Катя решила шиковать. С непривычки общественный транспорт оказывал угнетающее воздействие на ее психику. Заняв денег и доложив недостающую сумму из той премии, что выплатил ей Щукин за то, как она разобралась с грабителем в казино, она купила недорогой, но еще вполне жизнеспособный десятилетний «Скорпио» немецкой сборки. Сосед-инвалид, два месяца назад продавший свой «Запорожец» с ручным управлением, по сходной цене в рассрочку уступил ей металлический гараж во дворе. Выводя по утрам машину из гаража, Катя привычно отыскивала на третьем этаже окна своей квартиры и с некоторой неловкостью думала о том, что явно и недвусмысленно идет в гору — квартира на Арбате, машина, гараж, хорошо оплачиваемая работа... У нее было ощущение, что она заключила сделку с дьяволом. Условия сделки были ей не вполне ясны, зато плоды были налицо, весомые и ощутимые. «Какова-то будет расплата», — со вздохом подумала она, выбираясь из машины, чтобы запереть гараж.

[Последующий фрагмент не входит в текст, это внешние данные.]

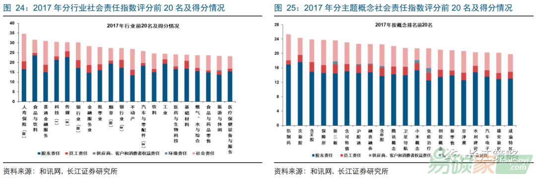 從近年的評分結果來看,該評測體系主要從三個維度來對全部A股上市公司進行打分,分別是各地區及省份、主題概念以及分行業。首先,分行業來看,2017年評分最高的十個行業分別為是人壽保險、食品與飲料、普通金融服務、科技、傳媒和銀行業(包括二級和三級行業)、金融服務業、批零業和煙草業。其中,人壽保險行業包括4家傳統險企A股上市公司,2017年社會責任一項評分較高,明顯高出2017年社會責任總分排名前20的其他行業,主要由于人壽保險行業所得稅占利潤總額比普遍高于其他行業。且人壽保險行業在近八年即2010-2017年間的平均分排名中位列第二位,說明近年整體仍保持較高的社會責任評分穩定性。但值得注意的是,2017年人壽保險行業總評分較2016年仍有所下滑,主要受到供應商、客戶、消費者責任項及分紅融資比指標分數明顯下降影響。另外,2017年食品與飲料行業評分提升較快,主要得益于2017年股東責任類指標中的回報項評分提升較高,其中分紅融資比、股息率及分紅占可分配利潤比重三項指標得分分別提升2.0分、1.87分、3.0分,導致該年行業得分提升幅度較大,且進一步觀察可發現,造成這種年度較大波動的原因是,該行業觀察標的僅廣州酒家(603043.SH)一家,而該公司在申萬二級行業食品加工中按照2018年5月29日總市值排名為第12位,總市值96.07億元,因此實際上并不具有對于全行業的代表性意義。為避免這種短期波動,我們對2010-2017年整體評分排名在前列的行業進行觀察,發現仍以金融、不動產、電力及食品飲料等與民生消費息息相關的行業為主,而工業制造類行業排名整體靠后。其次,分主題概念來看,2017年主題概念得分排名較高的有仿制藥、次新股、含H股、保障房、新三板等。進一步地,我們對2010~2017年間各主題概念排名前十名的次數進行統計,可以看出含H股及可轉債的概念表現最為亮眼,在過去的八年間有七年均排名在前十位,而海峽西岸、保障房、稀缺資源、滬股通、融資融券類主題也分別表現較佳。因此,整體來看,我們認為符合國家政策方向的主題概念在社會責任評分上往往具有較好表現,其次,由于股東責任一項評分占比較高,因此盈利和回報指標得分較高的主題往往具有更大優勢,例如仿制藥和次新股主題,2017年股東責任項得分分別達到16.95分、17.62分,明顯高于同期排名前20名的其他主題概念類得分。最后,分地區及省份來看,按照2017年得分表現排名,

Ворота в гараже были с норовом, и ей пришлось как следует надавить на них плечом, чтобы провернуть в замке ключ. Изо всех сил упираясь в неподатливое железо, покрытое шелушащейся голубой краской, Катя думала о том, сколько лишних, никому не нужных усилий совершает рядовой россиянин ежедневно, даже не замечая того. Сил и времени, постоянно расходуемых на незаметные миру сражения с заедающими замками, слишком тугими дверными пружинами, барахлящими водопроводными кранами и смывными бачками, на стояние в очередях и приготовление вкусной и здоровой пищи из последней луковицы, стакана манной крупы и позавчерашних объедков, хватило бы, наверное, на осуществление любой утопии, когда-либо рождавшейся в мозгу полубезумных философов, бредивших раем на земле. Американцы давно решили бытовые проблемы, но им, увы, наплевать на утопии — они делают деньги и учат птиц, как правильно клевать червяка... причем в глобальных масштабах.

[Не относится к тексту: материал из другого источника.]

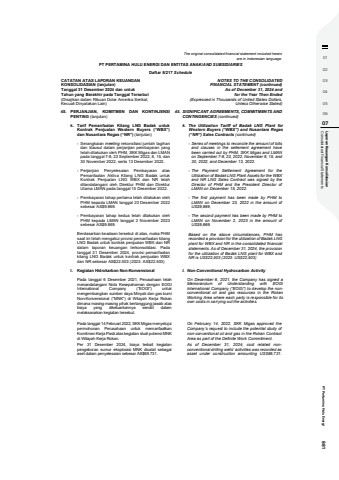 01020304050607 Consolidated Financial Statements Laporan Keaungan Konsolidasian PT Pertamina Hulu Energi 881The original consolidated financial statement included hereinare in Indonesian language.PT PERTAMINA HULU ENERGI DAN ENTITAS ANAK/AND SUBSIDIARIESDaftar 5/217 ScheduleCATATAN ATAS LAPORAN KEUANGANKONSOLIDASIAN (lanjutan)Tanggal 31 Desember 2024 dan untukTahun yang Berakhir pada Tanggal Tersebut(Disajikan dalam Ribuan Dolar Amerika Serikat,Kecuali Dinyatakan Lain)NOTES TO THE CONSOLIDATEDFINANCIAL STATEMENT (continued)As of December 31, 2024 andfor the Year Then Ended(Expressed in Thousands of United States Dollars,Unless Otherwise Stated)45. PERJANJIAN, KOMITMEN DAN KONTINJENSIPENTING (lanjutan)45. SIGNIFICANT AGREEMENTS, COMMITMENTS ANDCONTINGENCIES (continued)k. Tarif Pemanfaatan Kilang LNG Badak untukKontrak Penjualan Western Buyers (%u201cWBX%u201d)dan Nusantara Regas (%u201cNR%u201d) (lanjutan)k. The Utilization Tariff of Badak LNG Plant forWestern Buyers (%u201cWBX%u201d) and Nusantara Regas(%u201cNR%u201d) Sales Contracts (continued)- Serangkaian meeting rekonsiliasi jumlah tagihandan klausul dalam perjanjian pembayaran yangtelah dilakukan oleh PHM, SKK Migas dan LMANpada tanggal 7-8, 23 September 2022, 8, 15, dan30 November 2022, serta 13 Desember 2022.- Perjanjian Penyelesaian Pembayaran atasPemanfaatan Aktiva Kilang LNG Badak untukKontrak Penjualan LNG WBX dan NR telahditandatangani oleh Direktur PHM dan DirekturUtama LMAN pada tanggal 15 Desember 2022.- Pembayaran tahap pertama telah dilakukan olehPHM kepada LMAN tanggal 23 Desember 2022sebesar AS$9.869.- Pembayaran tahap kedua telah dilakukan olehPHM kepada LMAN tanggal 2 November 2023sebesar AS$9.869.- Series of meetings to reconcile the amount of billsand clauses in the setlement agreement havebeen carried out by PHM, SKK Migas and LMANon September 7-8, 23, 2022, November 8, 15, and30, 2022, and December 13, 2022.- The Payment Settlement Agreement for theUtilization of Badak LNG Plant Assets for the WBXand NR LNG Sales Contract was signed by theDirector of PHM and the President Director ofLMAN on December 15, 2022.- The first payment has been made by PHM toLMAN on December 23, 2022 in the amount ofUS$9,869,- The second payment has been made by PHM toLMAN on November 2, 2023 in the amount ofUS$9,869.Berdasarkan keadaan tersebut di atas, maka PHMsaat ini telah mengakui provisi pemanfaatan kilangLNG Badak untuk kontrak penjualan WBX dan NRdalam laporan keuangan terkonsolidasi. Padatanggal 31 Desember 2024, provisi pemanfaatankilang LNG Badak untuk kontrak penjualan WBXdan NR sebesar AS$22.503 (2023: AS$22.503)Based on the above circumstances, PHM hasrecorded a provision for the utilization of Badak LNGplant for WBX and NR in the consolidated financialstatements. As of December 31, 2024, the provisionfor the utilization of Badak LNG plant for WBX andNR is US$22,503 (2023: US$22,503)l. Kegiatan Hidrokarbon Non-Konvensional l. Non-Conventional Hydrocarbon ActivityPada tanggal 6 Desember 2021, Perusahaan telahmenandatangani Nota Kesepahaman dengan EOGIInternational Company (%u201cEOGI%u201d) untukmengembangkan sumber daya Minyak dan gas bumiNon-Konvensional (%u201cMNK%u201d) di Wilayah Kerja Rokandimana masing-masing pihak bertanggung jawab atasbiaya yang dikeluarkannya sendiri dalammelaksanakan kegiatan tersebut.On December 6, 2021, the Company has signed aMemorandum of Understanding with EOGIInternational Company (%u201cEOGI%u201d) to develop the nonconventional oil and gas resources in the RokanWorking Area where each party is responsible for itsown costs in carrying out the activities.Pada tanggal 14 Februari 2022, SKK Migas menyetujuipermohonan Perusahaan untuk memanfaatkanKomitmen Kerja Pasti atas kegiatan studi potensi MNKdi Wilayah Kerja Rokan.On February 14, 2022, SKK Migas approved theCompany%u2019s request to include the potential study ofnon-conventional oil and gas in the Rokan ContractArea as part of the Definite Work Commitment.Per 31 Desember 2024, biaya terkait kegiatanpengeboran sumur eksplorasi MNK dicatat sebagaiaset dalam penyelesaian sebesar AS$69.731.As of December 31, 2024, cost related nonconventional drilling wells%u2019 activities was recorded asasset under construction amounting US$69,731.

А может быть, мечты о справедливом устройстве общества и всеобщем благоденствии прямо вытекают из пустого желудка? «Ну правильно, — иронически подумала она, — чему же еще вытекать из желудка, если он пустой? А что вытекает из желудка полного — общеизвестно. Вернее, выпадает...»

Заперев наконец упрямые ворота, она вернулась за руль и вдруг замерла в полусогнутом положении, глядя на сценку, происходившую неподалеку.

Ворона дралась с кошкой, отвоевывая у нее какой-то темный лоскут, имевший, по всей видимости, немалую кулинарную ценность. Большая серая птица прыгала вокруг припавшей к земле грязно-белой кошки, грозно растопыривая крылья и делая стремительные выпады острым клювом. Кошка шипела, отмахиваясь передней лапой с выпущенными когтями. Радуясь удаче, Катя зашарила вокруг себя и по себе в поисках камеры, но тут же обмякла, поняв тщетность этих поисков.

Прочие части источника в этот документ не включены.